Compilation of jaguar photos (Panthera onca) from Jamari National Forest, identified using Wildlife Insights

Compilation of jaguar photos (Panthera onca) from Jamari National Forest, identified using Wildlife Insights

 

What the Cameras Revealed

The cameras confirmed 78 species across the survey area, including the vulnerable jaguarundi (Herpailurus yagouaroundi) and even the arboreal Hoffmann's two-toed sloth (Choloepus hoffmanni) — a reminder that Jamari supports a rich community of wildlife, not just its most iconic resident.

A furry animal in the woods

AI-generated content may be incorrect.

Jaguarundi (Herpailurus yagouaroundi), Jamari National Forest

A dog in the dark

AI-generated content may be incorrect.

Hoffmann's Two-toed Sloth (Choloepus hoffmanni), Jamari National Forest

But the headline finding was the jaguar. Detections occurred across multiple locations throughout the study area; not just at the edges, but distributed broadly across the landscape. In a forest where logging activities are a regular presence, jaguars are not retreating to some undisturbed corner. They are using the forest.

 

Jaguar (Panthera onca) occupancy across the Jamari National Forest project site

Jaguar (Panthera onca) occupancy across the Jamari National Forest project site

 

How they are using it, though, tells a more nuanced story. Jaguars in Jamari were almost exclusively recorded outside of normal human working hours. Given that forest management activities, and the associated human presence, are concentrated during daylight hours, this pattern suggests something significant: jaguars may be adapting their behavior to share time with the people who work the forest by day. They are not leaving; they are shifting their schedule.

Whether this represents a learned behavioral response to human activity, or simply reflects the species' natural nocturnal tendencies amplified in a managed landscape, remains an open question. But the pattern is clear, and it is consistent with what behavioral ecologists have observed in other large carnivores navigating human-dominated landscapes, a strategy of temporal rather than spatial separation.

 

Why It Matters

The presence of jaguars in Jamari is not just ecologically significant, it is strategically important for conservation across the Amazon. Strictly protected areas cover only a fraction of the basin. The vast majority of Amazonian landscapes are working environments: timber concessions, extractive reserves, mixed-use zones, and buffer areas where some level of human activity is permitted or unavoidable. If apex predators can persist in these areas, even adapt to them, it changes the conservation calculus considerably.
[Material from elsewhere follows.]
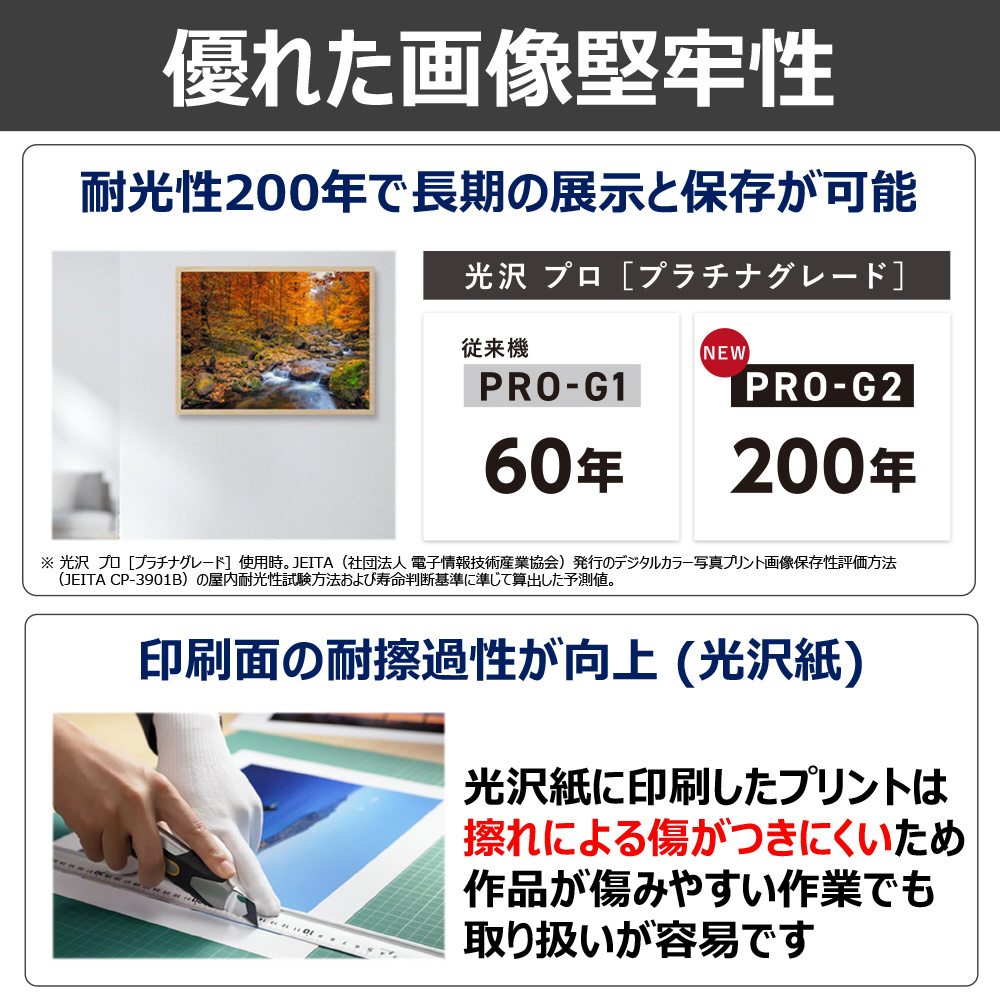 印刷したプリントの耐光年数は従来の60年から200年子※へと大幅に向上。

What the Jamari data points to are the specific conditions that seem to matter. The broad spatial distribution of jaguar detections highlights the importance of landscape connectivity within the forest. Wildlife trails and riparian corridors, areas where cameras recorded jaguar activity most consistently, are not incidental features. They are the infrastructure that makes coexistence possible: pathways that allow the jaguar to range, hunt, and move without being funneled into conflict with human activity.

The nocturnal behavior pattern adds another layer to this picture. If jaguars are indeed partitioning time with logging operations, maintaining that separation requires predictability such as consistent operational schedules, limited night-time disturbance, and management practices that preserve the behavioral space the jaguar is using. Disrupting that rhythm, even unintentionally, could tip the balance.
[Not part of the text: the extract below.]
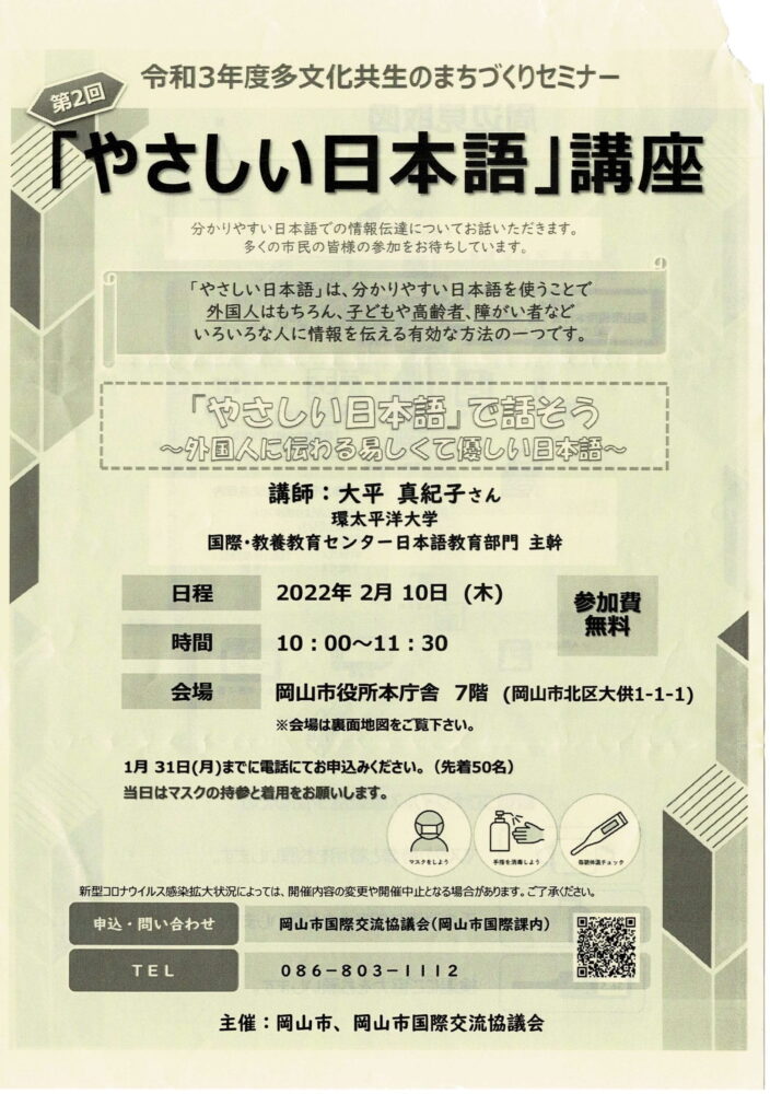 TOP/新着情報/お知らせ/やさしい日本語講座→3月に延期になりました。

Jamari is still early in its monitoring story. Baseline data are in hand, but understanding how jaguar behavior and abundance evolve as forest management intensifies, or as the surrounding landscape changes, will require continued effort. The data collected so far, processed and analyzed with Wildlife Insights, provide exactly the kind of reference point needed to detect those changes before they become irreversible. A working forest and a jaguar can share the same 223,000 hectares. The cameras in Jamari are showing us what that looks like and what it requires.